Я связываю эти две совершенно разные ситуации - молитву на школьном футбольном матче и религиозное давление, с которым сталкиваются беженцы из Юго-Восточной Азии, - чтобы подчеркнуть два основных момента: религиозное принуждение и религиозное давление являются реальными и постоянными проблемами, требующими решения. в стране, которая характеризуется как религиозным разнообразием, так и различными пересекающимися формами неравенства, и что осмысленное рассмотрение свободы вероисповедания требует, чтобы мы меньше сосредотачивались на потребностях христианина или учреждения, находящегося у власти, и больше на потребности нехристианских людей и групп, у которых меньше власти.
Честно говоря, я относительно оптимистичен, когда речь заходит о способности американцев внедрять ценности религиозного плюрализма и свободы вероисповедания. В своем исследовании я обнаружил, что, когда люди находят время, чтобы слушать и учиться у групп, которые исторически были маргинализованными, они учатся и добиваются большего успеха.

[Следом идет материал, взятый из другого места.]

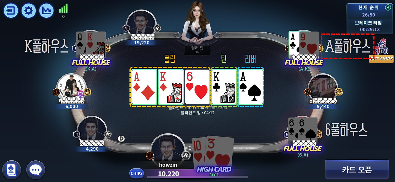 마지막 리버에 'A♠'가 떨어지면서 이 엄청난 명승부에 화룡점정을 찍었다. 세 명이 모두 풀하우스가 되었지만 누구도 서로의 패가 풀하우스인지 알 수가 없도록 숨겨져 있기 때문에 패를 오픈하기 전까지도 모두 자신이 승리할 것이라 예측했을 것이다. 최종적으로 세명 모두 풀베팅으로 올인하면서 패가 오픈되었고, 최종 A풀하우스가 승리를 거머쥐며 대미를 장식했다. 앞서도 언급했듯이 짧지 않은 시간 동안 홀덤을 하면서 이렇게 명승부를 본 기억이 없다. 특히 동시에 3명이 각각 다른 풀하우스를, 그것도 숨겨진 풀하우스로 마지막까지 엎치락 뒤치락하는 경우는 엄청나게 진귀한 장면임에는 틀림없다.
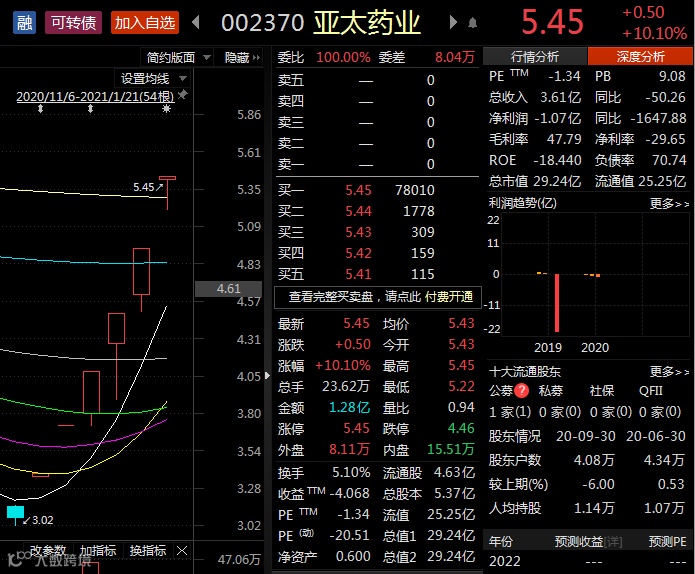 在这些连板个股中,目前最为耀眼的就是6连板的亚太药业,股价在短短6个交易日从不到3元涨到了目前的5.45元。

Конечно, для этого потребуется, чтобы люди, находящиеся у власти, а именно белые американцы-христиане, захотели слушать, учиться и делить пространство с небелыми, нехристианами. Я вижу вокруг себя примеры таких намерений и хороших вещей, возникающих в результате искренних усилий воплотить идеалы плюрализма в жизнь. Но в газете также регулярно появляются истории с точностью до наоборот. Как всегда, остается спорным вопрос о том, какую Америку мы решим создать.